Taking a close look at your tire’s sidewall can provide you with just about everything you really need to know about your tires. But, before diving into the language of tires, let’s consider what type of tires you have. Automobile tires generally fall into the following major categories:

P-Metric – P-metric sized tires are the ones with the “P” at the beginning of the tire size, such as P206/60R15. Their load capacity is based on an engineering formula which takes into account their physical size and the amount of air pressure.

European Metric- Euro-metric and P-metric tires in the same size, such as P206/60R15 and 206/60R15, are equivalent in their dimensions with only slight differences in their load capacity and inflation pressure. They are interchangeable if used in axle pairs or sets of four.

LT-Metric– LT-metric tires are equivalent to P-Metric tires, but have slight changes load abilities. Many 1/4-ton and 1/2-ton vehicles use Euro-metric and P-metric sized tires, while 3/4-ton and 1-ton vehicles use LT-metric sized tires.

Light Truck High Flotation – This designates tires with lower aspect ratio and higher flotation characteristics, which provide improved traction off-road. Information on these tires is always stated in inches.

T – Temporary Spare – If the lettering on a tire’s sidewall begins with a “T,” it signifies that it’s a Temporary Spare designed to be used only a limited time until a flat tire can be repaired or replaced.

The set of numbers and letters on your tire’s sidewall, 206/60R15 for example, can provide you a wealth of information. The first number represents the Section Width or the width of the tire. This is the distance between the outsides of the sidewalls of the tire, measured in millimeters or in inches on a high flotation tire.

The next number is the Aspect Ratio. This is the ratio between the tires Section Height, which is the distance from the rim seat to the outside of the tread, and the Section Width. The Aspect Ratio is typically expressed in increments of 5, such as 60, 70, and 75.  So, on a 206/60/15 tire, the Aspect Ratio is 60% of the section width.

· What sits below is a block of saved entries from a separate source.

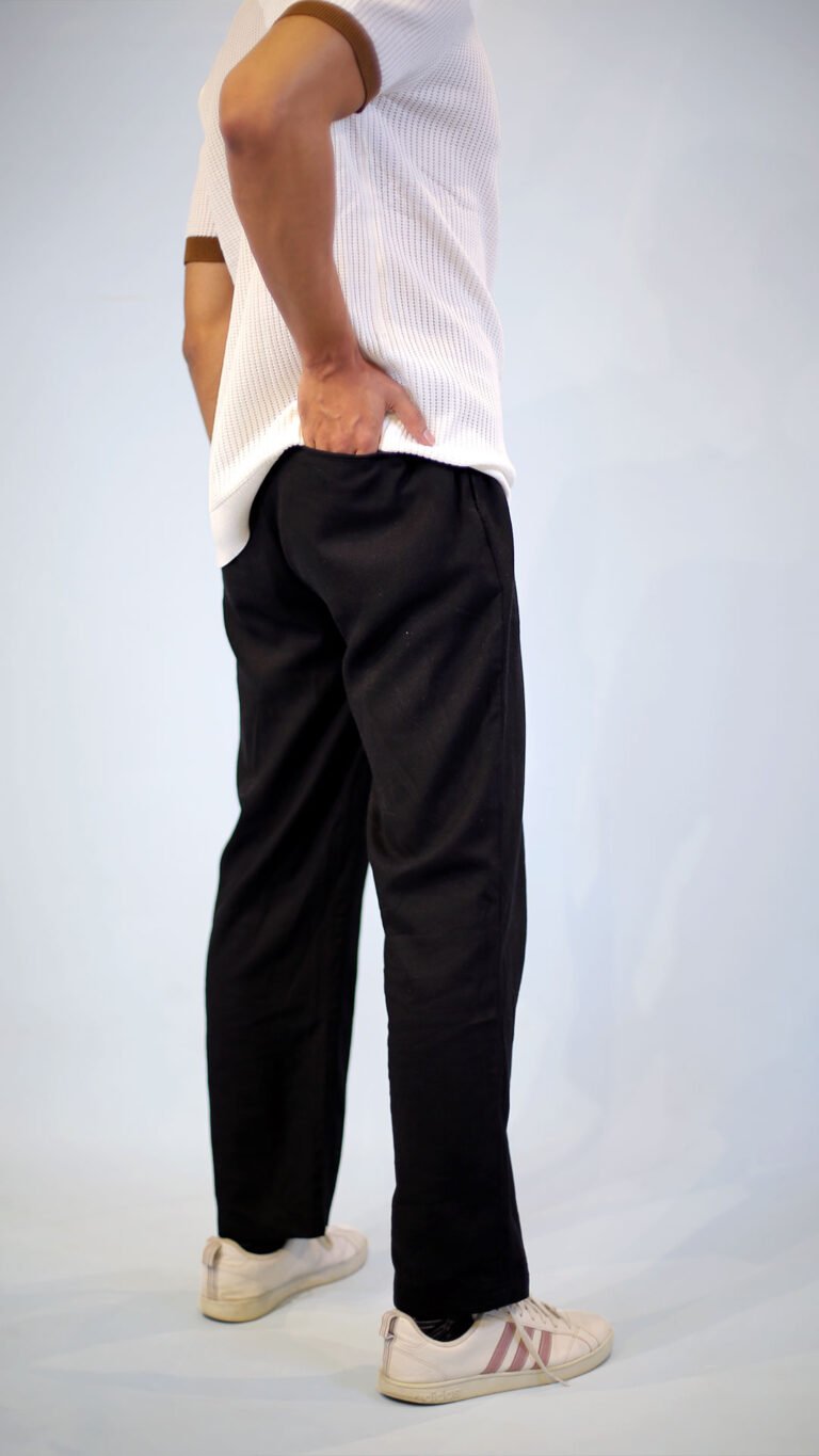 Straight Black Cotton Pants
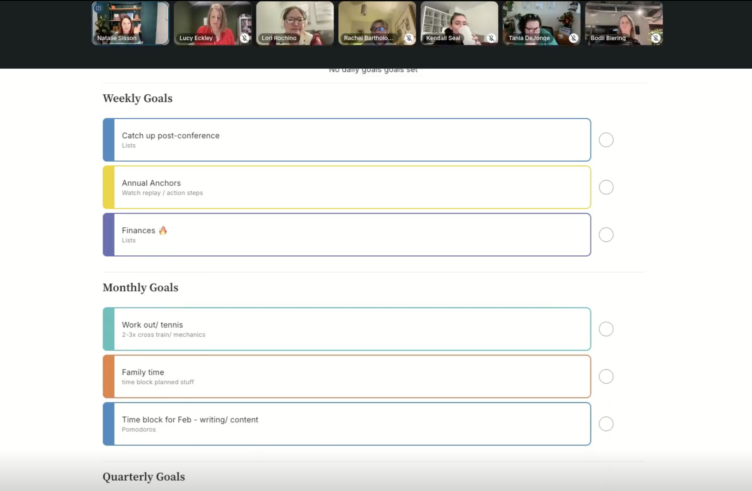 Every month, we cycle through live sessions designed to keep you planning, executing, getting coached, and staying accountable.
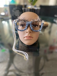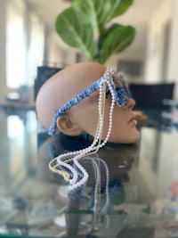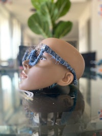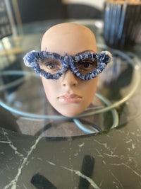 Oversized Denim Shaggy Pearl Frames

Another piece of information is the tire type.  There are two basic types of tires:
* R –Radial: A radial tire is one with supporting belts, usually made of steel, running radially around the tire.
* B – Bias: A bias tire (or cross-ply tire) is one with plies that run diagonally from one bead to the other. One ply is set on a bias in one direction, and then succeeding plies are set alternately in opposing directions and cross each other.

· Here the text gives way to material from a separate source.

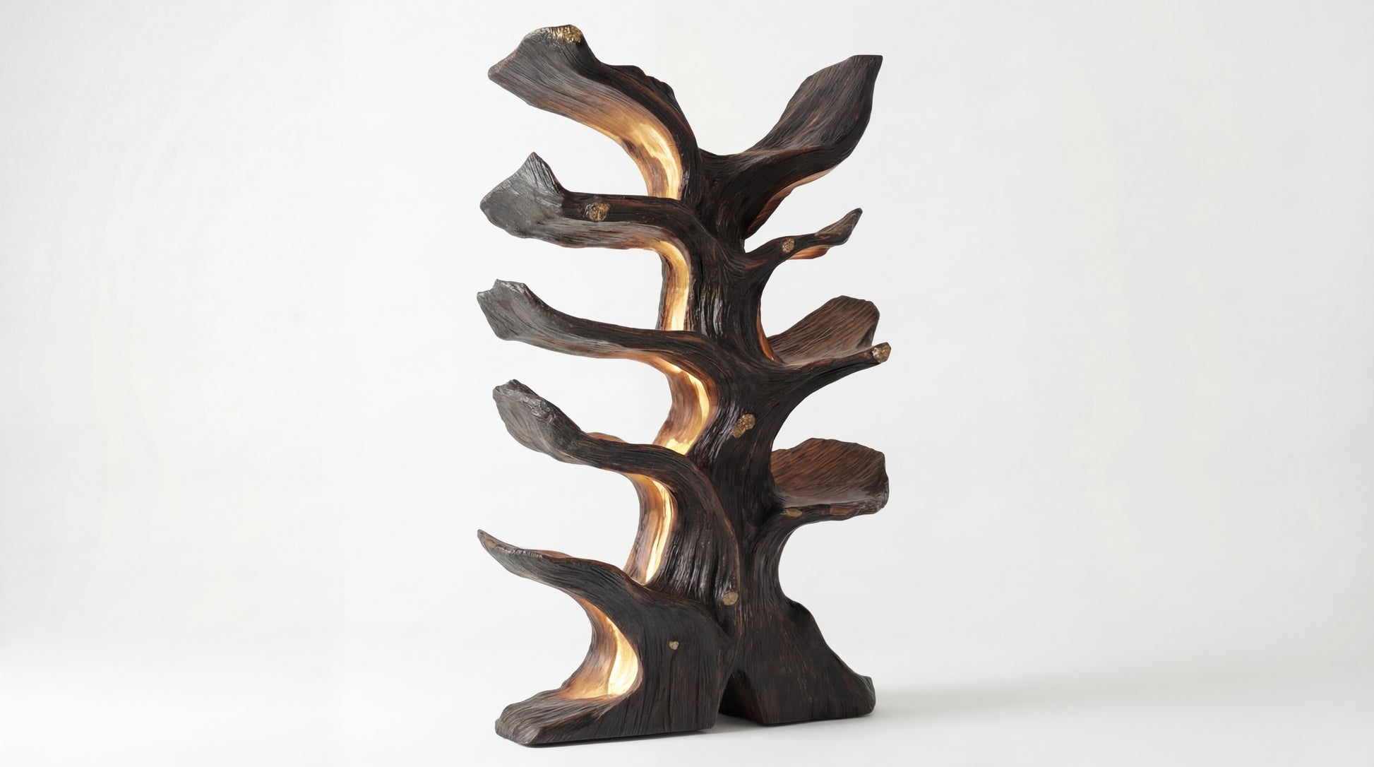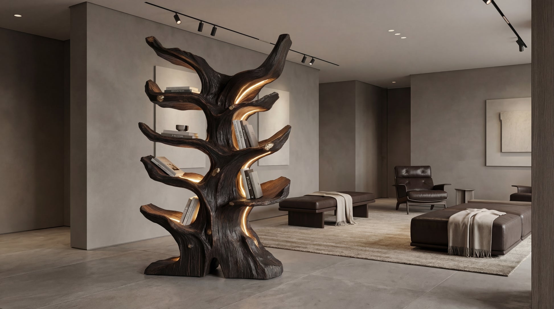 Emberwood Tree Bookshelf – Sculpted Light, Living Form

The final number in the size of a tire is the Rim Diameter. Tires that have a rim diameter expressed in inches are the most common type used. Tires and wheels that have a rim diameter expressed in half inches (14.5, 15.5, 17.5 and 19.5) are used on some heavy-duty trailers, trucks and box vans.

You can also find important information about your tires by looking at the Unified Tire Quality Grading (UTQG) UTQG lettering. The (UTQG) system measures three things:

Treadwear (520)
This rating indicates a tire’s relative durability, based on government standard testing after about 7k miles of driving on a controlled test course. The rule of thumb is that you can add two zero’s to the number to estimate the average service life you can expect to get from the tire under normal driving conditions.

Traction (A)
This rating is based on government tests to measure a tire’s ability to stop a car moving straight ahead, on both concrete and asphalt surfaces. Tires are assigned traction grades of AA, A, B or C, with AA being the highest.

Temperature (A)
The temperature rating indicates a tire’s relative ability to withstand high operating conditions. Tires are assigned temperature grades of A, B or C based upon testing with A being the highest.

The DOT Number on your tire’s side wall also includes important information.
* The first two characters designate the tire manufacturer and plant code.
* Characters three and four denote the tire size.
* The fifth, sixth, seventh, and eighth (optional) characters identify the brand as well as other characteristics important to the manufacturer.
* The final four numbers denote the date the tire was produced.

Information contained in the tire’s Service Description is the tire’s load index and speed rating. The Load Index is an important number regarding towing or hauling. Load index numbers range from 75 (load carrying capacity of 852 pounds per tire) to 125 (3638 pounds per tire).  The Speed Rating indicates how the tire is rated for its capacity to perform at high speeds as tested by the U.S. Government and is represented by letters Q through Z. In general, a higher speed rating will result in better overall handling.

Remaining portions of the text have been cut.